A decade after the beloved King Louie's closed its doors for good, Matt McGuire has opened Louie in the DeMun neighborhood of Clayton.
But Louie is hardly a revival of the shuttered St. Louis institution; rather, McGuire, who was previously director of service for Gerard Craft’s Niche Food Group, envisions the restaurant as an approachable neighborhood spot. He says he's had his eye on the DeMun neighborhood for a while, and once the venerable Jimmy's on the Park closed in early 2016, he jumped at the chance. The large Jimmy's space was subdivided, with Louie occupying about 2,700 square feet, or roughly half the space.

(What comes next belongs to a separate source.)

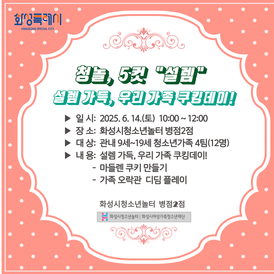 <1면> 화성시청소년놀터 병점2점 청놀,5컷 설렘 설렘 가득, 우리 가족 쿠킹데이! ▶ 일시: 2025. 6. 14.(토) 10:00 ~ 12:00 ▶ 대상: 화성시 관내 9세~15세 청소년 가족 4팀(12명) ▶ 내용: 설렘 가득, 우리 가족 쿠킹데이! - 마들렌 쿠키만들기 - 가족오락관 디딤 플레이 ▶ 장소: 화성시청소년놀터 병점2점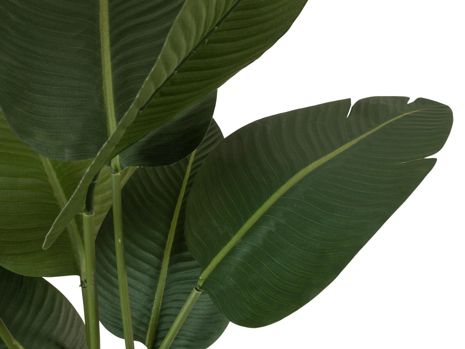 The impressive foliage of the strelitzia lends any room a natural, tropical elegance. Originally native to South Africa and the Canary Islands, the plant is a stylish eye-catcher - whether in the restaurant, office or living room at home.The artificial strelitzia from Europalms impresses with its lifelike design. Without any flowers, the 110 cm high artificial plant focuses on its striking leaf structure, which consists of slightly curved leaves in a rich green. This gives it a robust yet elegant look that blends harmoniously into modern, minimalist living concepts.Some of the artificial plant's leaves are inserted into shafts during assembly - a clever solution for space-saving packaging and reduced transportation costs without compromising the look. A simple gardener's pot ensures stability and makes it easier to insert into a matching planter.

Upon entering the restaurant, the first thing guests will likely notice is the dramatic large-format floral wallpaper from Dutch artist Ellie Cashman; it runs half the length of the long, narrow space. A long bar seats 21, capping off with a few seats positioned squarely in front of the white wood-burning oven. Across from the bar, a collection of autographed plates and platters decorate the wall.
That wood-burning oven plays heavily into executive chef Sean Turner's Italian-inspired menu, which features around 20 items divided into starters, vegetables, pizza, pasta and larger entrées. Pizzas include a classic Margherita and marinara, as well as McGuire's personal favorite: broccolini with ricotta, lemon and chile. Freshly baked hearth bread is used to scoop up dollops of white-bean hummus, while broccolini is drizzled with Calabrian vinaigrette, and a pork chop is garnished with crispy shishitos and chermoula, a pungent herb sauce. Don't miss the butternut squash agnolotti with brown butter, sage and walnuts; or the indulgent Roman gnocco, which features pork ragu baked with Béchamel and pecorino on top.
McGuire is a self-described wine aficionado, so the list is lengthy and varied. A handful of largely Italian white, red, rosé and sparkling wines are available by the glass, with many more by the bottle. Cocktails are, of course, Italian-inspired, with apéritifs and digestifs playing heavily into the short but sweet list. Most are tried-and-true classics, like the Manhattan (served here with amaro) or two spins on the Old Fashioned. Bar manager Henry Brown points to the Negroni Sbagliato as the most nontraditional offering – it subs out the usual gin for Champagne.
With McGuire's background at some of St. Louis' best restaurants – including Monarch, Brasserie and Central Table Food Hall – it's easy to see why Louie was one of the most anticipated openings of the year. And judging by the restaurant's first few weeks of service, it's clear St. Louis was ready for a return – in any form – of King Louie.
Louie is open Monday through Thursday from 5 to 10pm and Friday through Saturday from 5 to 11pm. Look for lunch hours to be added in the near future.